Data extract: Begin

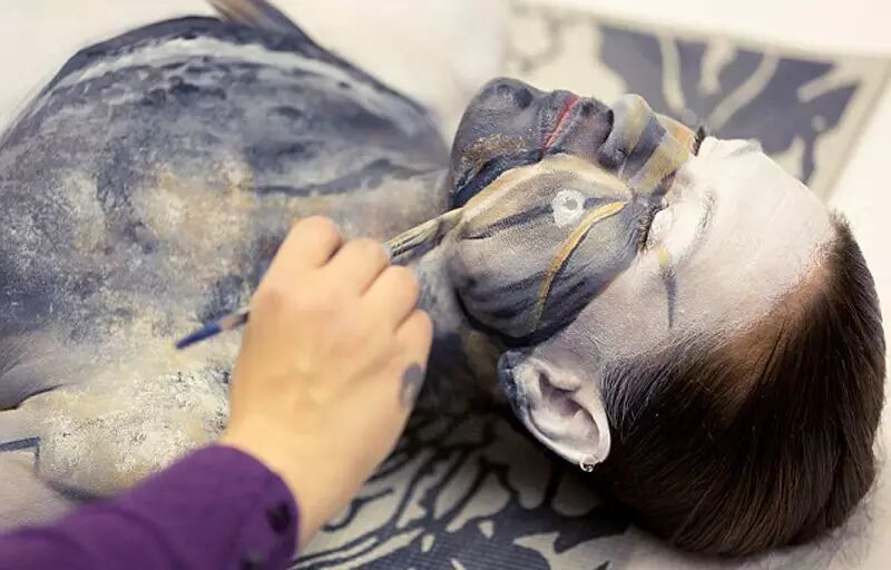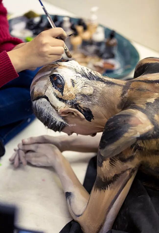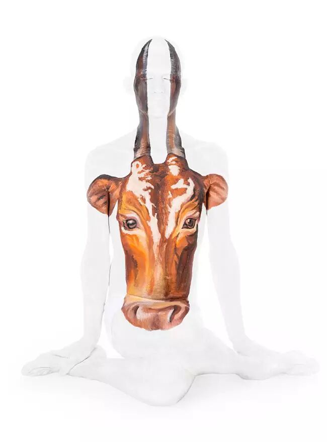 费伊需要花费数个小时,才能利用水基涂料将模特变成逼真的动物,比如这个人体牛头。
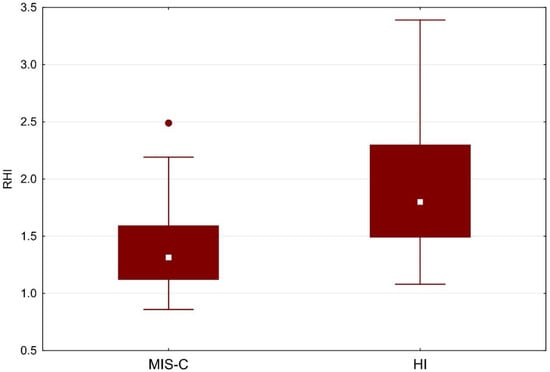 RHI in MIS-C vs. HI. Boxes indicate the interquartile range. White squares within boxes indicate medians. Whiskers extend to the highest or lowest values. HI: healthy individuals; MIS-C: multisystem inflammatory syndrome in children; RHI: reactive hyperemic index.
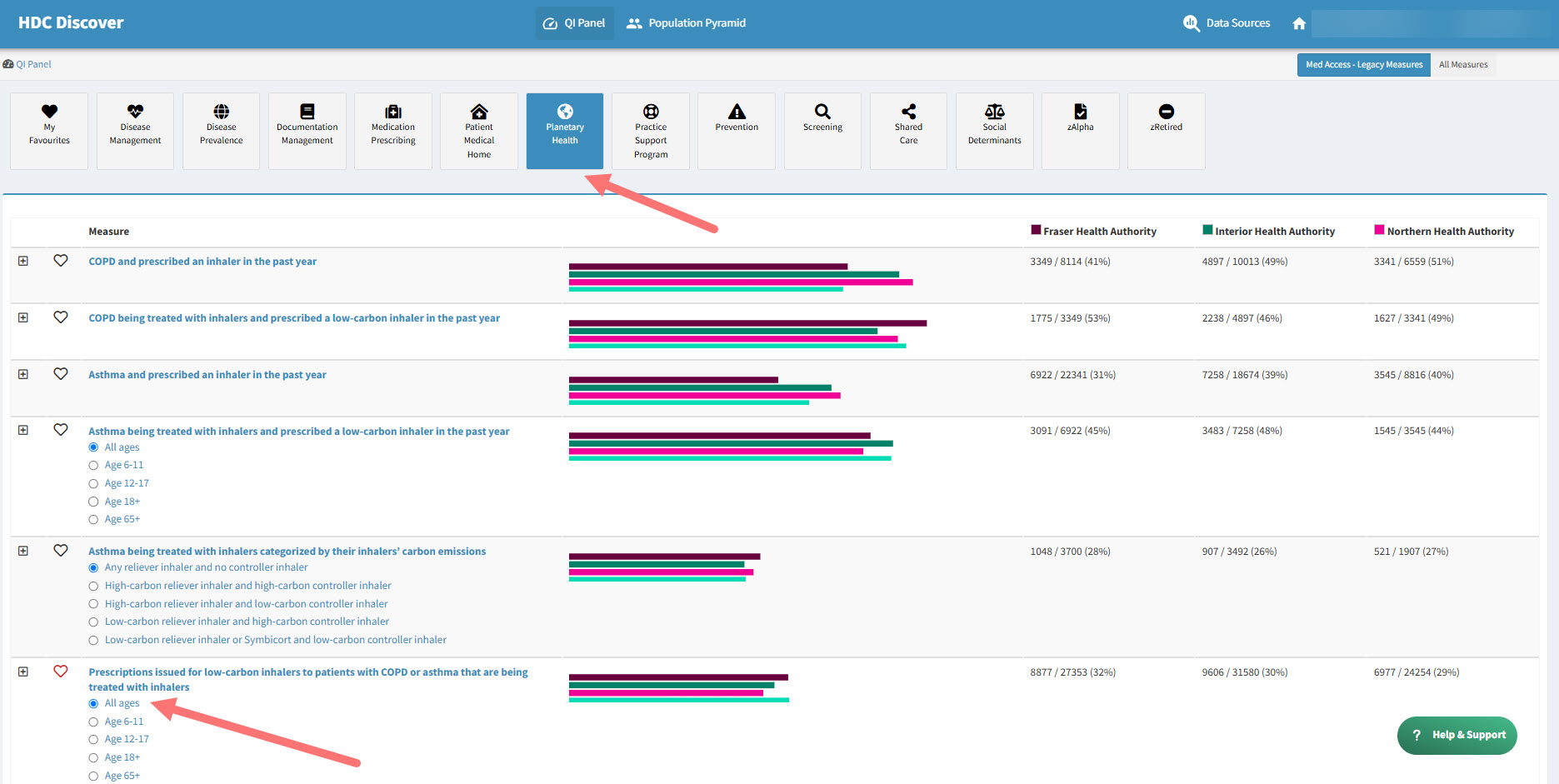 In HDC Discover, switching between multiple options within a measure is made easier with the Single Measure View page. This feature allows users to explore data for different age ranges seamlessly without navigating back to the QI Panel. For instance, let’s review how to view data for different age groups for measures, such as prescriptions for low-carbon inhalers issued to patients with COPD or asthma, without heading back to the QI panel every time.
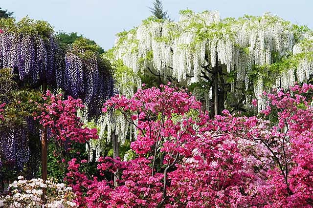 | 2005年5月9日藤で有名な栃木県あしかがフラワーパークへ出かけました。 ゴールデンウイークは終わったものの、高速を降りてパークへ曲がる交差点で 1時間渋滞するなど、まだまだかなりの混雑ぶりでした。 260本もの藤は大藤(紫)、白藤、八重藤が見ごろで黄藤が咲き始めたところ、 つつじ、クレマチス、ぼたんなども園内のここかしこに咲いていました。 |

Data extract: End

▸ Instructions to follow
Look above for the line containing "RHI in MIS-C"; output that line and all lines after it through the last one exactly, without the pictures.

▸ Task solution
 RHI in MIS-C vs. HI. Boxes indicate the interquartile range. White squares within boxes indicate medians. Whiskers extend to the highest or lowest values. HI: healthy individuals; MIS-C: multisystem inflammatory syndrome in children; RHI: reactive hyperemic index.
 In HDC Discover, switching between multiple options within a measure is made easier with the Single Measure View page. This feature allows users to explore data for different age ranges seamlessly without navigating back to the QI Panel. For instance, let’s review how to view data for different age groups for measures, such as prescriptions for low-carbon inhalers issued to patients with COPD or asthma, without heading back to the QI panel every time.
 | 2005年5月9日藤で有名な栃木県あしかがフラワーパークへ出かけました。 ゴールデンウイークは終わったものの、高速を降りてパークへ曲がる交差点で 1時間渋滞するなど、まだまだかなりの混雑ぶりでした。 260本もの藤は大藤(紫)、白藤、八重藤が見ごろで黄藤が咲き始めたところ、 つつじ、クレマチス、ぼたんなども園内のここかしこに咲いていました。 |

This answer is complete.